L’era dei nuovi materiali nel campo dell’energia solare è iniziata e, accanto alla ricerca di prestazioni ed efficienze da record, la scienza di settore sta curando anche l’aspetto della sostenibilità. Un deciso passo avanti in questo senso l’ha compiuto l’Istituto superconduttori, materiali innovativi e dispositivi (Spin-Cnr) dell’Aquila con la messa a punto del fotovoltaico in perovskite ibrida totalmente ecologico.
Il progetto a cui hanno collaborato l’Università di Vienna e la North Carolina State University, segna un punto a favore delle ‘perovskiti’ ibride organico/inorganiche, ossidi di sintesi dalle molteplici proprietà fisico-chimiche.
Questi minerali sono in grado di convertire quasi il 20% dell’energia solare in energia elettrica (il record è della Corea che ha raggiunto un tasso di conversione del 17,9%, riprendendosi un primato che era suo già nel 2009). Ma quello che hanno realizzato allo Spin-Cnr è un passo avanti ulteriore: “Il nostro studio era mirato a cercare un’alternativa sostenibile sia alle celle solari fatte di silicio, i cui costi sono elevati a causa dei complessi metodi di fabbricazione, sia alle perovskiti ibride finora studiate, meno costose ma tossiche per l’uomo e per l’ambiente per via del piombo in esse contenuto”, spiega Alessandro Stroppa, fisico Spin-Cnr. Lo stesso record raggiunto dalla Corea era stato reso possibile proprio da questo nocivo elemento, impiegato in quel caso in due composti differenti: il bromuro di piombo metilammonio e lo ioduro di piombo formamidinium.

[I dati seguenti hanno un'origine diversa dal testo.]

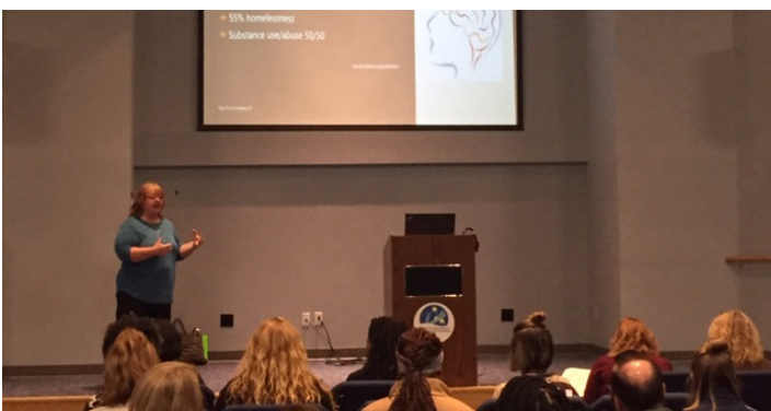
At left: MHRB and contracted provider agencies sponsored trainings for staff and affiliated agencies, such as this training on trauma and human trafficking in October 2019.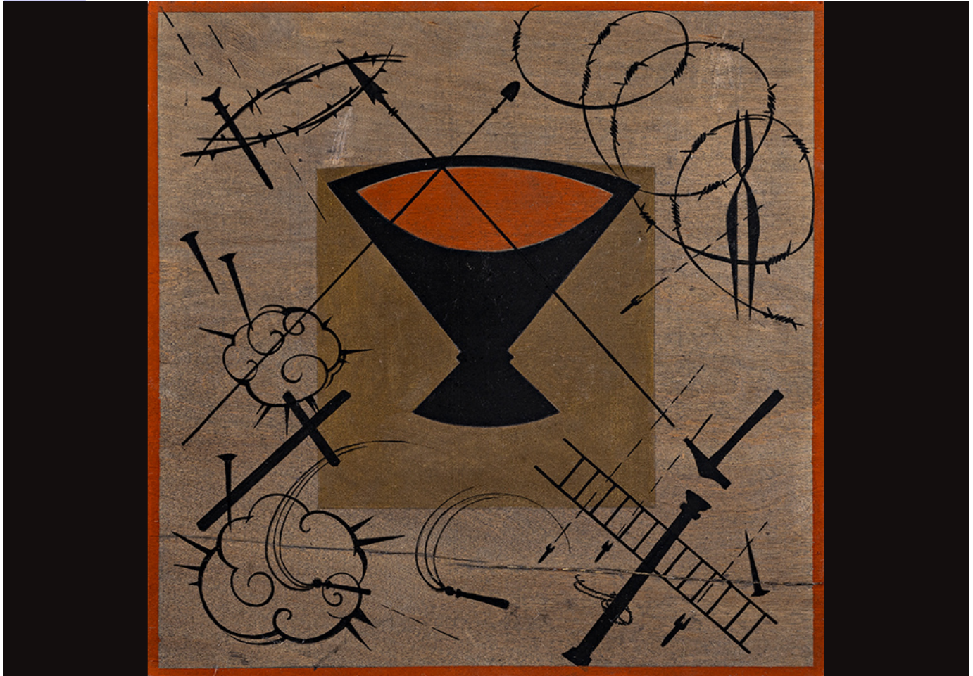
"The Cup of the Covenant" by Kateryna Haneychuk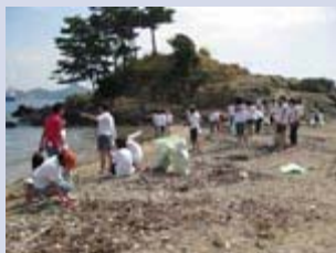
Joint Marine Debris Project with Republic of Korea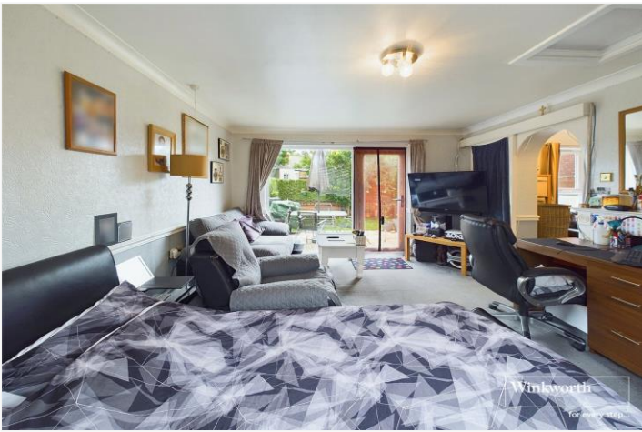
ORTS ROAD, BERKSHIRE, RG1 3JS OFFERS IN EXCESS OF £375,000 FREEHOLD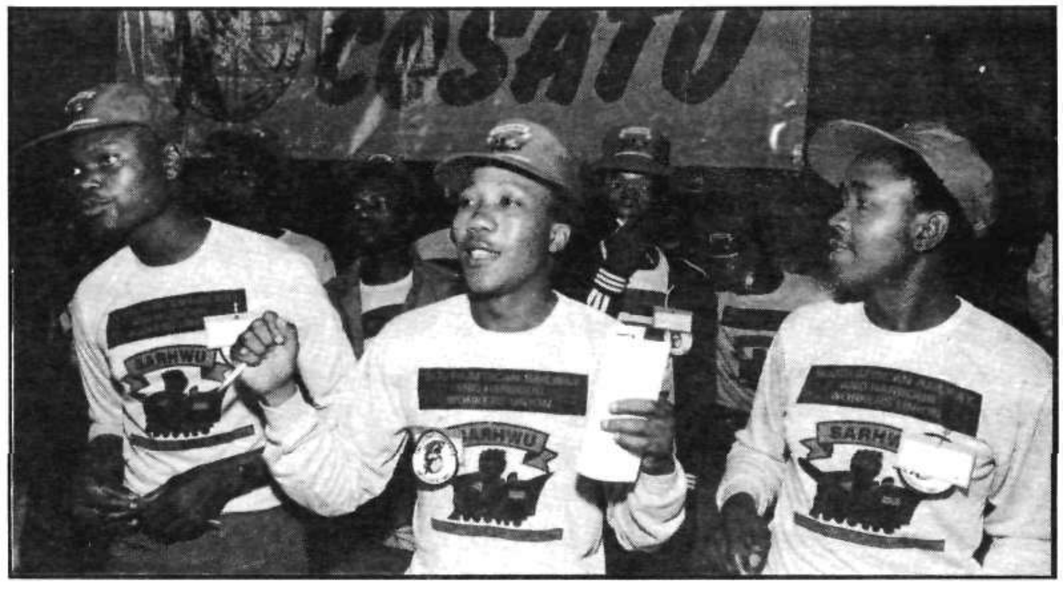
The Network is committed to working together with community organisations such as trade unions, women's organisations and all groups who believe in a democratic society.

The Progressive Primary Health Care Network is a group of health and development projects, health worker organisations and individuals who are committed to an idea which we have called Progressive Primary Health Care or P.P.H.C.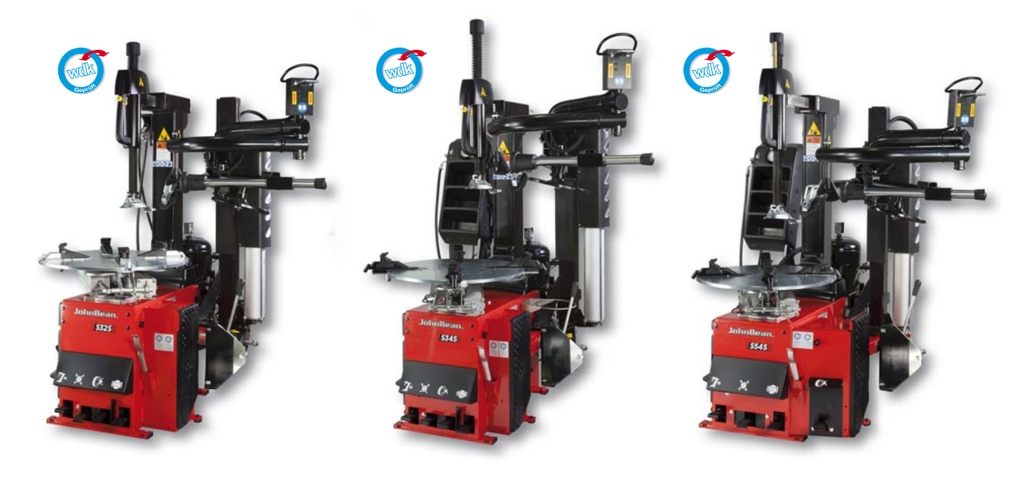
TABLE-TOP TYRE CHANGERS WITH PROspeed TECHNOLOGY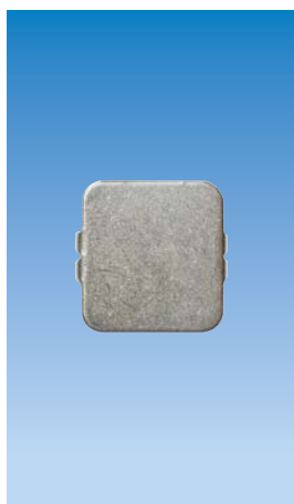
Planet stopping plate, type 1, stainless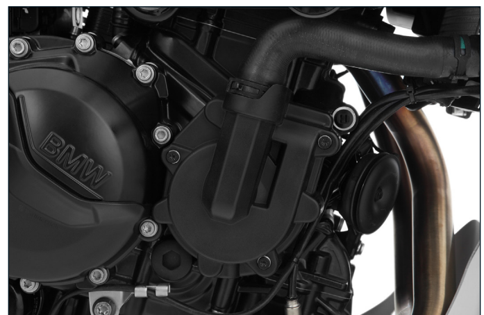
The discreet design of the water pump protective cover picks up the shape of the water pump housing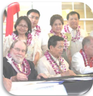
Gov. Abercrombie, and the LCP mayoral delegation signing the Memorandum of Understanding.

The State of Hawaii shares common goals with the Philippines in fostering strong and effective local governments, promoting and maintaining friendships, as well as learning and sharing social and economic opportunities that benefit cities in the Philippines and Hawaii.

La struttura del fotovoltaico in pervskite ibrida
E’ qui che arriva la svolta del tema di ricerca: attraverso uno studio teorico computazionale sulle perovskiti ecologiche hanno capito come fare a meno del piombo senza perdere in prestazioni. “Impiegando queste perovskiti per convertire energia solare in elettrica, avremmo quindi energia doppiamente pulita, da una parte perché solare e, dall’altra, perché ottenuta con un composto non contenente piombo”.
La struttura di questo fotovoltaico in perovskite ibrida è caratterizzata da una parte inorganica intercalata con molecole organiche, che, a loro volta, posseggono un dipolo elettrico. “Il nostro studio teorico – prosegue Silvia Picozzi, coordinatore del gruppo Spin-Cnr – mostra che questi dipoli possono ordinarsi e dar luogo ad una polarizzazione elettrica che aiuta le cariche foto-generate a separarsi, influenzando positivamente l’attività fotovoltaica, che risulta così potenziata”.